> Data extracted from a collection:
= = = = =
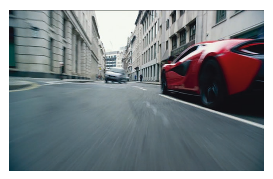
Fig. 2.2 A Mazda 3 swerves to miss the oncoming McLaren in Transformers: The Last Knight (Michael Bay, 2017)

violent dance of the two colliding vehicles is seen again, however, the front ends of the vehicles never touch and the silver sedan flies inexplicably through the air, while the back end of the Lexus shoots upward with explosive power (Fig. 2.5). This is subsequently followed with the great raining down of newspaper and debris—the explosive mini-climax within the chase scene is characteristically Bay. Perhaps the strangest of all elements in is found in Fig. 2.3 where the passing silver hatchback does not pass the McLaren, but is momentarily superimposed on it. This is only noticeable when going frame-by-frame, but this is a clear artifact of CGI animation (Figs. 2.2, 2.4, and 2.6).
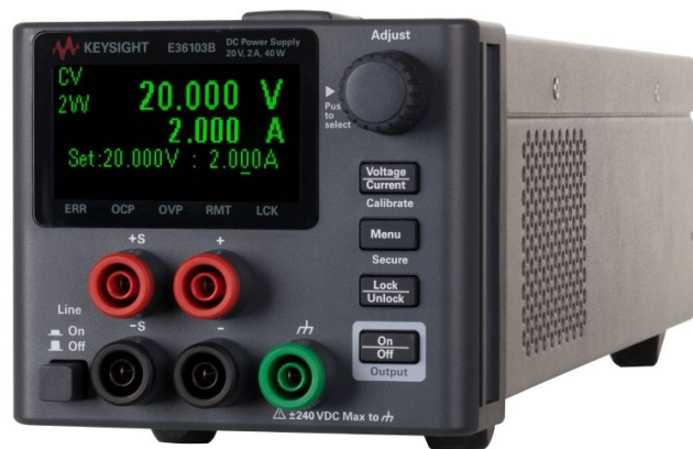
Option J01 recessed binding posts

Do you need to convert the power supply for different mains power? The two switches on the bottom of the instrument make it straightforward. See the product manual for details.
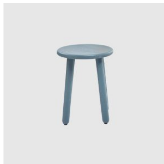
Okidoki Too Low STOOL THINKING WORKS
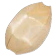
5" WOODEN BOAT sku VT-BT-05 Qty: 1000

Our range of boats are popular for events and outdoor entertainment. Economically priced, these items are cost effective and get the job done! patent
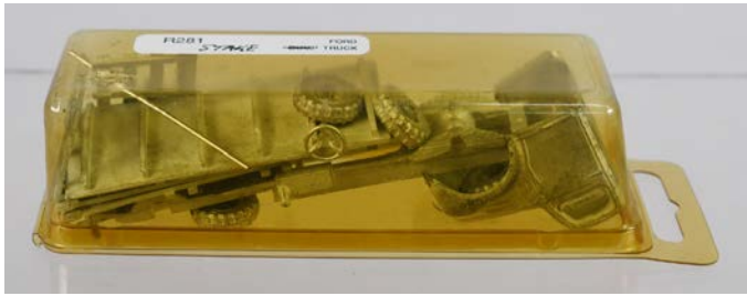
295. RAILMASTER KITSET FORD STAKE TRUCK 140mm long original packaging, unpainted white metal, Railmaster Kitset Ford Stake Truck, unpainted, unassembled, Model R281, (based on Dinky 422 Fordson truck) Very Good 9/10
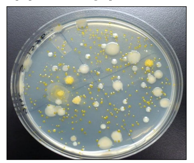
Figure 2: Isolation of estuarine bacteria from estuary mangrove water sample using 50% sea water prepared Nutrient agar plate at dilution 10<sup>-3</sup>.

CONCLUSION: Urease is an enzyme studied for a long time. Its structure, synthesis and biochemical activity are known. There are also many studies concerning urease toxic effect on human tissues. However, its role in long-lasting autoimmune diseases is still controversial. Nevertheless, the presence of molecular mimicry between bacterial ureases and human proteins has been suggested. Based on the results obtained from the standard screening, bioprocess evaluation, chemical and functional characterization and its stability criteria, this study strongly suggesting the urease isolated from estuarine bacterium. Proteus vulgaris is an ideal product for the industrial production and various applications like determining and reducing urea contaminants. Moreover, this study explored a new commercially important strain to the enzyme industries.
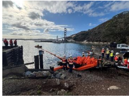
Oil boom deployment at USCG Station Golden Gate
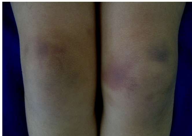
Figure 2. Presence of petechiae and hematomas around the knees due to minor wounds

During anamnesis it was verified a history of viral infection before the development of IPT symptoms. In the physical exam, petechiae and hematomas were noticed around the knees (Figure 2) and on the forearm. According to the mother, these purple spots developed spontaneously and/or after minor wounds.
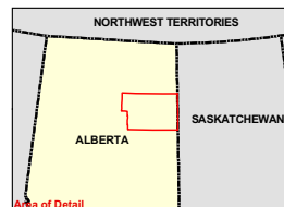
Figure 9-9: Fort McKay Proposed Protected Areas with Existing and Approved Development
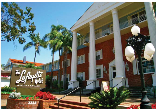
The Lafayette Hotel, originally named Imig Manor, was built in 1945, and is listed on the National Register of Historic Places.
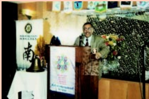
DG Visit - RC of Hong Kong South September 23, 1999
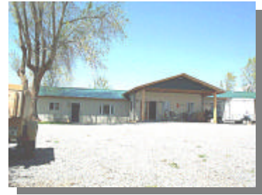
you get a nice home!
= = = = =
> Task objective:
Find the line with "Okidoki Too Low STOOL THINKING WORKS" in the data above, and from there retype each line exactly through the line with "Our range of", skipping the pictures along the way.

> Exercise solution:
Okidoki Too Low STOOL THINKING WORKS
5" WOODEN BOAT sku VT-BT-05 Qty: 1000

Our range of boats are popular for events and outdoor entertainment. Economically priced, these items are cost effective and get the job done! patent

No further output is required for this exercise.